(Dataset records)
|---|
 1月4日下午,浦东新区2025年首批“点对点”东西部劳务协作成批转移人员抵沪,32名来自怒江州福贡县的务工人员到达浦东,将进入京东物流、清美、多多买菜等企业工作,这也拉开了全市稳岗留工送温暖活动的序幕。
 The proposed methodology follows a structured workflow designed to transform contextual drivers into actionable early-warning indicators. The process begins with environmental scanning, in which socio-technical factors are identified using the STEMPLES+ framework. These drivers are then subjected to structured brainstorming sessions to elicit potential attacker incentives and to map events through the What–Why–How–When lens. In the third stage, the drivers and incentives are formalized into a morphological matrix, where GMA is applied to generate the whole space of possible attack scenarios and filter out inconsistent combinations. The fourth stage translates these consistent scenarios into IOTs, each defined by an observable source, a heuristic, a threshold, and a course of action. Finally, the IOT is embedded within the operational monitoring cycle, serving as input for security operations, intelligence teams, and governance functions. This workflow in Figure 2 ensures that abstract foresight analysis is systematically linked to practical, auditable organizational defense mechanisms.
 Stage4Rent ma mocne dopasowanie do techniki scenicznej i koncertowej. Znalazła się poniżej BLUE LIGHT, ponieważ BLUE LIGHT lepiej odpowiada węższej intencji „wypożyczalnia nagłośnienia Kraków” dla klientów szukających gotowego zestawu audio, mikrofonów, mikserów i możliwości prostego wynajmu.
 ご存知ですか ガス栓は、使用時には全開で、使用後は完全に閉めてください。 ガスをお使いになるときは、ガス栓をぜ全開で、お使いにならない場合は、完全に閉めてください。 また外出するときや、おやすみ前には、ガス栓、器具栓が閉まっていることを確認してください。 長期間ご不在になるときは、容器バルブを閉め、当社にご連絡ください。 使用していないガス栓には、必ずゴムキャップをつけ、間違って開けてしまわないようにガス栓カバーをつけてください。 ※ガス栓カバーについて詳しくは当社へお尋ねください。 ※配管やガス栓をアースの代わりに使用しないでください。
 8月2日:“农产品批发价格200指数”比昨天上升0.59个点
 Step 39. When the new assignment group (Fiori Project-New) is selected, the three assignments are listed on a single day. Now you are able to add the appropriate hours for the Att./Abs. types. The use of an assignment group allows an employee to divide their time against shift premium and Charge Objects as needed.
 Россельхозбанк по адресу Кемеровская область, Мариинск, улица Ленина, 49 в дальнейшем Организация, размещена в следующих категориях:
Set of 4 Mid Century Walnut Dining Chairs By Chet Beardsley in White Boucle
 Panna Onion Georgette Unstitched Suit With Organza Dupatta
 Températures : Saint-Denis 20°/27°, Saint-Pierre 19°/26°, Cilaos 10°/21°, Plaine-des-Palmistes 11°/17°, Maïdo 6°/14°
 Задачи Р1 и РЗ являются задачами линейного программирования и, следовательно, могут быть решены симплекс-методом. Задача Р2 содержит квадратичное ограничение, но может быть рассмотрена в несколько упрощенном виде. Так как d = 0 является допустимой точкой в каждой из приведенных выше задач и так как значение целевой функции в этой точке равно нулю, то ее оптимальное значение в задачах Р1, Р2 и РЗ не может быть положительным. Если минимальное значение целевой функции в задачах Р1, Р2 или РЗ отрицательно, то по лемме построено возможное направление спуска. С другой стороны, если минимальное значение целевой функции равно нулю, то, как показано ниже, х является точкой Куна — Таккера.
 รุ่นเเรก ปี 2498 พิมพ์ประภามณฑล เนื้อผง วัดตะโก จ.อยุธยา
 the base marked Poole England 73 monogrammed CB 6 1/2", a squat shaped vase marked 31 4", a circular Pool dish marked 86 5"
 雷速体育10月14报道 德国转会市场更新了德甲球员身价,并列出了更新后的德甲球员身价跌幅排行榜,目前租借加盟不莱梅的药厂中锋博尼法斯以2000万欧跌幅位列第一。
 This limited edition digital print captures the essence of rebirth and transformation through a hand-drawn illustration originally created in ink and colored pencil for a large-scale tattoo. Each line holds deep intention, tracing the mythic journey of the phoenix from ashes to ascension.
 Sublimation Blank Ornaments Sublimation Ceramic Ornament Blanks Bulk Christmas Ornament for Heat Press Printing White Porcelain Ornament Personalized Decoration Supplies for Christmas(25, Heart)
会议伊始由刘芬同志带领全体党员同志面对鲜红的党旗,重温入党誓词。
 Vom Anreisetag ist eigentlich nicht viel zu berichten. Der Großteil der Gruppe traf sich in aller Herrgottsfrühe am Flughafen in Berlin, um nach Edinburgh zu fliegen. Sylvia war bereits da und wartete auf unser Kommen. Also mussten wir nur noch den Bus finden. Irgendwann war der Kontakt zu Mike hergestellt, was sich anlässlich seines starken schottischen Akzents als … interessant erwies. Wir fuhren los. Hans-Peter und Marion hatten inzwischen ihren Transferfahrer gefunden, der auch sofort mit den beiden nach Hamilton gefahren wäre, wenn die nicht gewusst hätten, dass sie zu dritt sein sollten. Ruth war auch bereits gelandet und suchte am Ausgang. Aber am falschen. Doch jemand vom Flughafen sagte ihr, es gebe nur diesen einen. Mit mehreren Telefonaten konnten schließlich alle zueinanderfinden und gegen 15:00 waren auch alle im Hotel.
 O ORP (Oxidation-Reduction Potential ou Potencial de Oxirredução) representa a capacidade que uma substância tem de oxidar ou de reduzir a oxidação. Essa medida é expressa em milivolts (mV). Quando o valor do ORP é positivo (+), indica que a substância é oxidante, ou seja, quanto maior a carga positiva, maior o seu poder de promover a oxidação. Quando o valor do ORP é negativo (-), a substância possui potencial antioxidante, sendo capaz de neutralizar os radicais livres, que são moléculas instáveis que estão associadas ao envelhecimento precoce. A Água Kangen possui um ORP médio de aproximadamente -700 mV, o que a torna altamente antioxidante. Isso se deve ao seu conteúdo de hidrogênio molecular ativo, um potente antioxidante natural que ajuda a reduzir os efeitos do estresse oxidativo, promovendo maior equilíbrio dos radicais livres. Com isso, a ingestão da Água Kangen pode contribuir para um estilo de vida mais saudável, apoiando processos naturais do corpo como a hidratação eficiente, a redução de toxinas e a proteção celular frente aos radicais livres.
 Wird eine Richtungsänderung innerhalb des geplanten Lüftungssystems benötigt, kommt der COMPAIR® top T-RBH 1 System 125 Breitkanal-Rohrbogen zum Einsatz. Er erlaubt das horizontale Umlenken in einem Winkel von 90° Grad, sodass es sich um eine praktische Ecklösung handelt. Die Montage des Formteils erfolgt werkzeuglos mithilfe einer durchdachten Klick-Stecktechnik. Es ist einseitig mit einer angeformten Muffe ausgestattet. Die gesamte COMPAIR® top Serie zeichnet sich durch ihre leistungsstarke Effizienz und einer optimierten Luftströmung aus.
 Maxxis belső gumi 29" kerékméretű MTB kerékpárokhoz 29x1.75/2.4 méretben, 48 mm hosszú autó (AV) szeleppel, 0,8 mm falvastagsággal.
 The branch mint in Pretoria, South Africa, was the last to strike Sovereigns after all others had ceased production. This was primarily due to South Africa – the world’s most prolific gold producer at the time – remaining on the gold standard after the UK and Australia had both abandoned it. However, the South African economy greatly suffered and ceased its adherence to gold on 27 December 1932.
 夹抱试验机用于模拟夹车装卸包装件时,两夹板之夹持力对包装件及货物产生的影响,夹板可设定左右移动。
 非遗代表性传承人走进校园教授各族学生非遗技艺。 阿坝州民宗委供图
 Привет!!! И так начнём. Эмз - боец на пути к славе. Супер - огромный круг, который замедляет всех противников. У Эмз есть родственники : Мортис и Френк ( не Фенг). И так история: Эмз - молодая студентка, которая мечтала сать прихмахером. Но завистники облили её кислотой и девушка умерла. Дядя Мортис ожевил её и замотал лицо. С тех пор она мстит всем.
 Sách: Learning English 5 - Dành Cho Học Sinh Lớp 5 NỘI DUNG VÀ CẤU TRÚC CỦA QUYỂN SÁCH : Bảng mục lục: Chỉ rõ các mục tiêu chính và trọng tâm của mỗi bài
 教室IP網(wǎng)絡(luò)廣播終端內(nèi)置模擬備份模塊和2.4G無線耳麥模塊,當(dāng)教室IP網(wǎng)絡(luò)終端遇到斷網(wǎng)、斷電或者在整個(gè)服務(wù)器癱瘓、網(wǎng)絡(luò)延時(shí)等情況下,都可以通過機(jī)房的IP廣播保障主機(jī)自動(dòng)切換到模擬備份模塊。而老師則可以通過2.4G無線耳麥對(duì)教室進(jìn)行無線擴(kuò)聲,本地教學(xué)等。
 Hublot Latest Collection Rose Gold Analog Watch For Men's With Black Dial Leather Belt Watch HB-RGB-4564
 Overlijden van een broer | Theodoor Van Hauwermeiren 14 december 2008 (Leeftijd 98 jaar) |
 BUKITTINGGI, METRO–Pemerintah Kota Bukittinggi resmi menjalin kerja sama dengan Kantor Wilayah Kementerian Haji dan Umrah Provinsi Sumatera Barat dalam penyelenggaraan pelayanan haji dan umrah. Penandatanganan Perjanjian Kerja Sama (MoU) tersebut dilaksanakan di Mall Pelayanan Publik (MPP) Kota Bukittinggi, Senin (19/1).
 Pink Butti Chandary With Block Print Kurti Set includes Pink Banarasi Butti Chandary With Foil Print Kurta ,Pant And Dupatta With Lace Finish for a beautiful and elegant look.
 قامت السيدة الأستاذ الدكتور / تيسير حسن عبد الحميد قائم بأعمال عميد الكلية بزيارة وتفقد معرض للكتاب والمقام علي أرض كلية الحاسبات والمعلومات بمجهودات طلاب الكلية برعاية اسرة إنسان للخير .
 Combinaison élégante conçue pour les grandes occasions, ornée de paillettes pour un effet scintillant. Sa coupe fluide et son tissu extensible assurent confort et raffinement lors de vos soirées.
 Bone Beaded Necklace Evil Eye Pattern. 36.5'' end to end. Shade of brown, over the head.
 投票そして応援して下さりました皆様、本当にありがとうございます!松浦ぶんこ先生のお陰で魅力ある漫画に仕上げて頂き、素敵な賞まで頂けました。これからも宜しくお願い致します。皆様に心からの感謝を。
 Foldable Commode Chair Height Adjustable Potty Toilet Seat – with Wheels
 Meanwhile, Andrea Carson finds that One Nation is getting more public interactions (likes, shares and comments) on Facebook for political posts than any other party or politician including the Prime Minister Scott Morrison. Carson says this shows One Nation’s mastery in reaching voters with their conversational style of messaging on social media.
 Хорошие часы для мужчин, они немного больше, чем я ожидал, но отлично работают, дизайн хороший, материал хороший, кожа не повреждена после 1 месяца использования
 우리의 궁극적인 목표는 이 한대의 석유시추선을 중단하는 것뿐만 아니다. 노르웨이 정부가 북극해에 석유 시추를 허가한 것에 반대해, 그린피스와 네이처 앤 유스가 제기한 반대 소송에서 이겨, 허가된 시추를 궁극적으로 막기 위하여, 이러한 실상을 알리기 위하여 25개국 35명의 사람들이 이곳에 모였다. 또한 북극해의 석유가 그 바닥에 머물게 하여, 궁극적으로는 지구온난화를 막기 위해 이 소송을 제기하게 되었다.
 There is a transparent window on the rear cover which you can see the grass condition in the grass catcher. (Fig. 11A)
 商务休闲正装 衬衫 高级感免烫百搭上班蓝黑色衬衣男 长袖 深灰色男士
|---|
◆ TASK TO CARRY OUT:
Out of the data above, transcribe exactly and only the lines starting with the line that has "Step 39. When" and going on through the line that has "Set of 4 Mid", both included.

◆ RESPONSE TO THIS TASK:
 Step 39. When the new assignment group (Fiori Project-New) is selected, the three assignments are listed on a single day. Now you are able to add the appropriate hours for the Att./Abs. types. The use of an assignment group allows an employee to divide their time against shift premium and Charge Objects as needed.
 Россельхозбанк по адресу Кемеровская область, Мариинск, улица Ленина, 49 в дальнейшем Организация, размещена в следующих категориях:
Set of 4 Mid Century Walnut Dining Chairs By Chet Beardsley in White Boucle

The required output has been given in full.